**Data for this exercise**
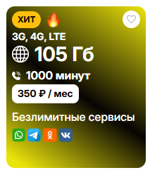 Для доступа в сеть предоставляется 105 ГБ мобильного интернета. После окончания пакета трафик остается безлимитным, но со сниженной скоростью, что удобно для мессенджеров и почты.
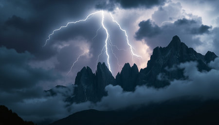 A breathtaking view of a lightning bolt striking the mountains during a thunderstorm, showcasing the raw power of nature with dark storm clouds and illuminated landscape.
* * *
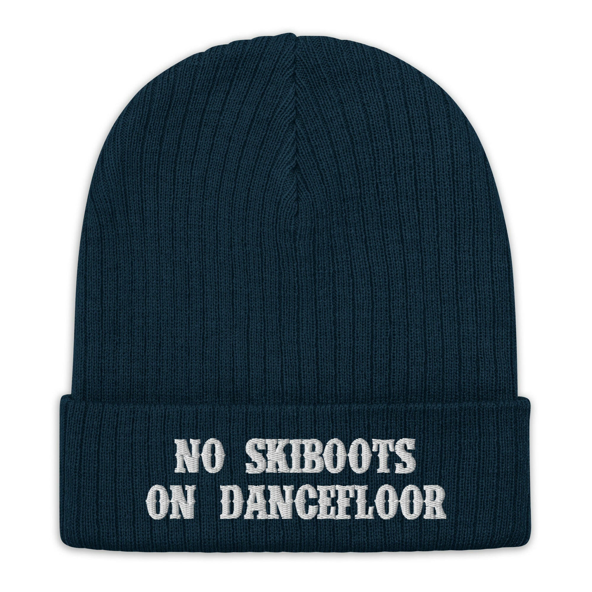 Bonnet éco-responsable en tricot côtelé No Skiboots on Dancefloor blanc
...
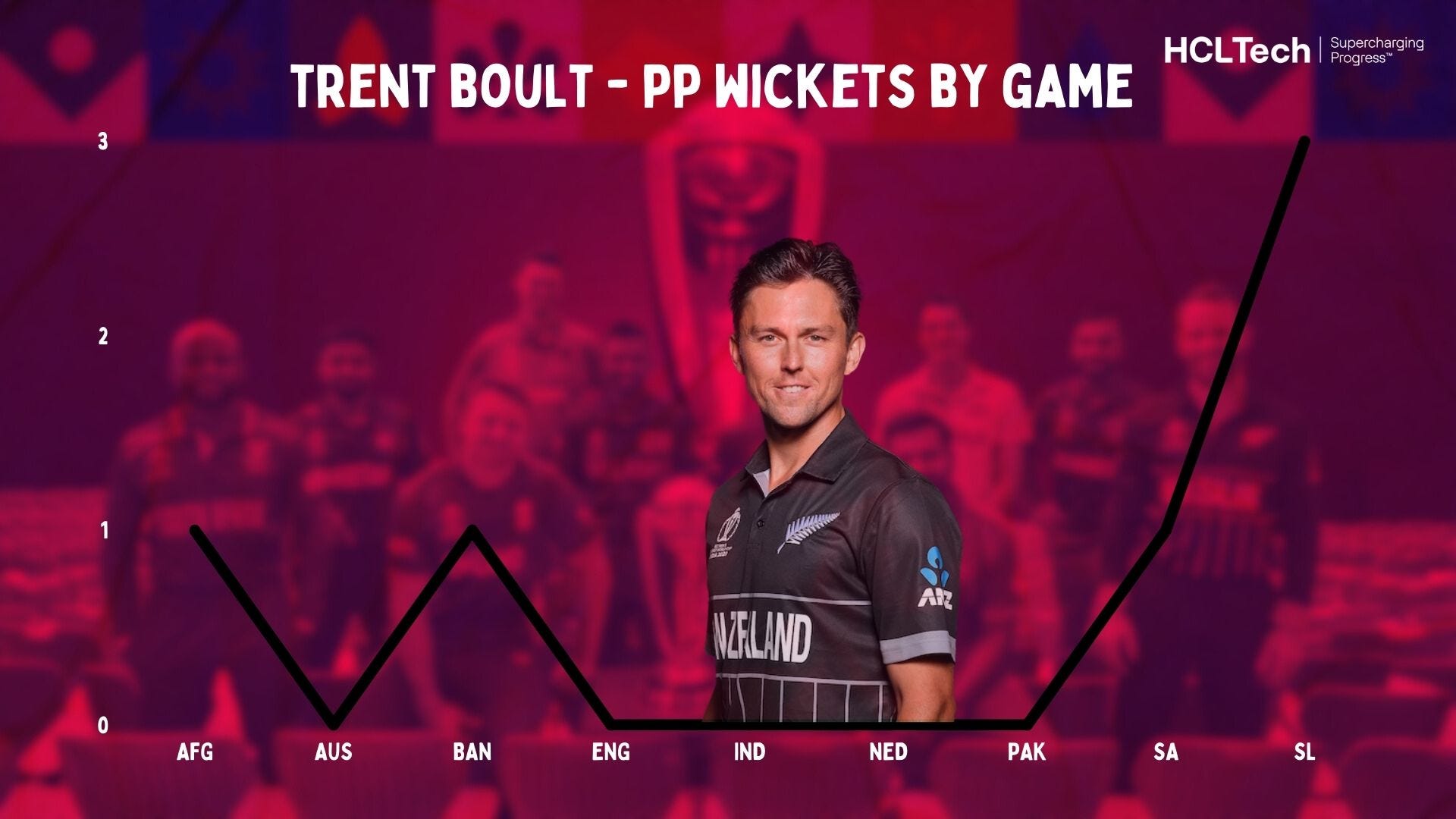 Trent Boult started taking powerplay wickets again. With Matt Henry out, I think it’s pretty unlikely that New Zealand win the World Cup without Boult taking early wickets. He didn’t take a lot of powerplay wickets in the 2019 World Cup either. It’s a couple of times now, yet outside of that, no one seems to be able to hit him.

**Task**
Look above for the line with "Для доступа в", then give again exactly every line from there through the line with "A breathtaking view", skipping the pictures.

**Answer below**
 Для доступа в сеть предоставляется 105 ГБ мобильного интернета. После окончания пакета трафик остается безлимитным, но со сниженной скоростью, что удобно для мессенджеров и почты.
 A breathtaking view of a lightning bolt striking the mountains during a thunderstorm, showcasing the raw power of nature with dark storm clouds and illuminated landscape.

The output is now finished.